Assayas: Er verkörpert einen modernen Mythos. Was wir von seinem Leben wissen, klingt abenteuerlich. Er stammt aus Lateinamerika, wurde dort und in Großbritannien politisiert und hat in Europa agiert. Er war der erste global agierende Terrorist, der in die geopolitischen Konflikte der 1970er und 1980er Jahre verwickelt war.
Um seine Persönlichkeit ranken sich viele Legenden. Wonach haben Sie gewichtet?

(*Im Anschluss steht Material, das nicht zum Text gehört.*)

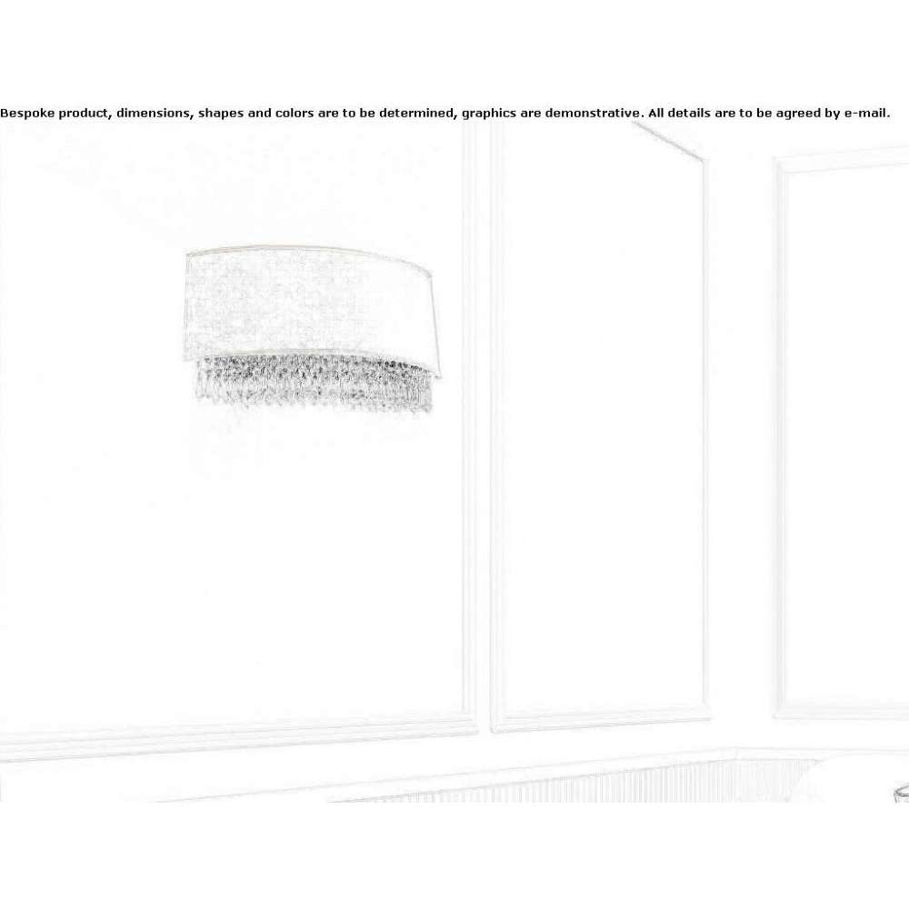 Glassé A4 to kinkiet o metalowej konstrukcji ozdobionej deszczem kryształowych zawieszek. Abażury z tkaniny adamaszkowej.

Meine Intention war, präzise zu sein, ganz an den Fakten zu bleiben, so realistisch wie nur möglich zu sein. Alle Szenen mit Mitarbeitern der Stasi und des ungarischen Geheimdienstes basieren zum Beispiel auf den Akten. Ich habe sie gekürzt, aber ich habe mir nichts ausgedacht. Es ging mir aber nie darum, ihn und seine Umgebung anzuklagen, sondern sie als menschliche Individuen zu zeigen. Ich vertraue da auf mein Publikum, das doch alleine beurteilen...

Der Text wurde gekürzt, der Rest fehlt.